Reproduce all the lines below exactly and omit the images.

Data section
§
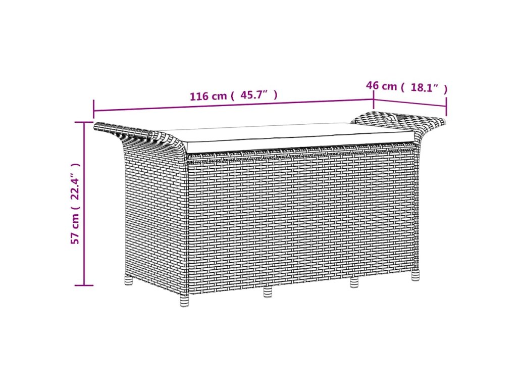 - Dostatek úložného prostoru: Zahradní posezení poskytuje dostatek úložného prostoru uvnitř, kam si můžete přehledně uložit své věci a zároveň je mít pěkně po ruce. Voděodolná PVC vložka udržuje obsah suchý. Háček pomáhá držet víko při otevírání.
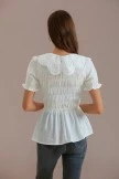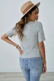 Grey Solid Sweet Short Sleeve Round Neck Cotton Button Shirt
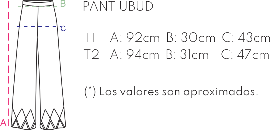 Pant tejido a maquina, con dibujo exclusivo de la marca inspirado en los textiles balineses.
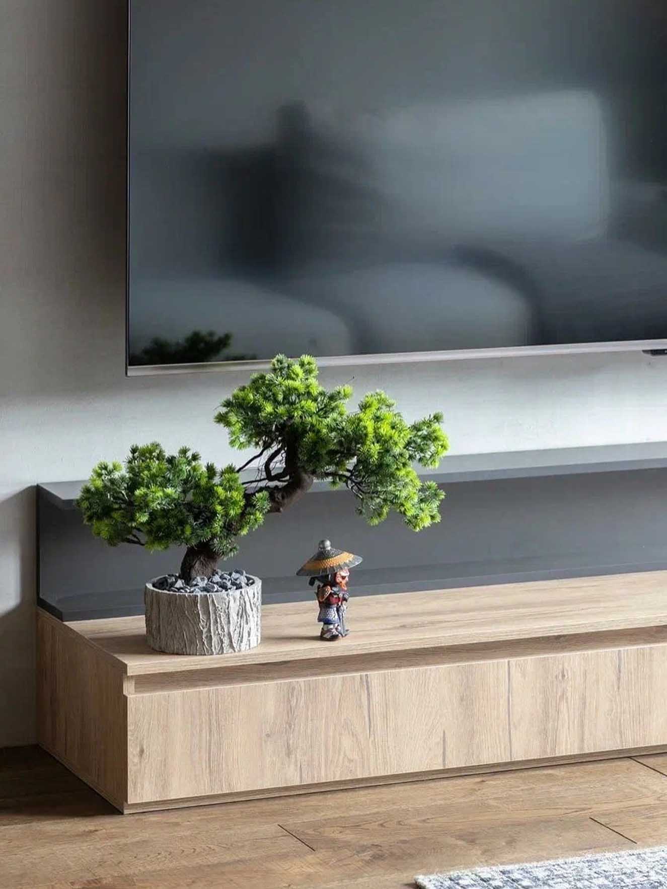 A nappali részben egy ággyá alakítható kanapét helyeztek el. A TV-fal különleges látványeleme az U-alakú, háttérvilágítással ellátott médiaállvány. Ez a világítástechnikai megoldás kulcsfontosságú: a fényhatás nélkül a bútordarab jóval egyszerűbb, hétköznapibb hatást keltene.
§
Solution to the exercise
 - Dostatek úložného prostoru: Zahradní posezení poskytuje dostatek úložného prostoru uvnitř, kam si můžete přehledně uložit své věci a zároveň je mít pěkně po ruce. Voděodolná PVC vložka udržuje obsah suchý. Háček pomáhá držet víko při otevírání.
 Grey Solid Sweet Short Sleeve Round Neck Cotton Button Shirt
 Pant tejido a maquina, con dibujo exclusivo de la marca inspirado en los textiles balineses.
 A nappali részben egy ággyá alakítható kanapét helyeztek el. A TV-fal különleges látványeleme az U-alakú, háttérvilágítással ellátott médiaállvány. Ez a világítástechnikai megoldás kulcsfontosságú: a fényhatás nélkül a bútordarab jóval egyszerűbb, hétköznapibb hatást keltene.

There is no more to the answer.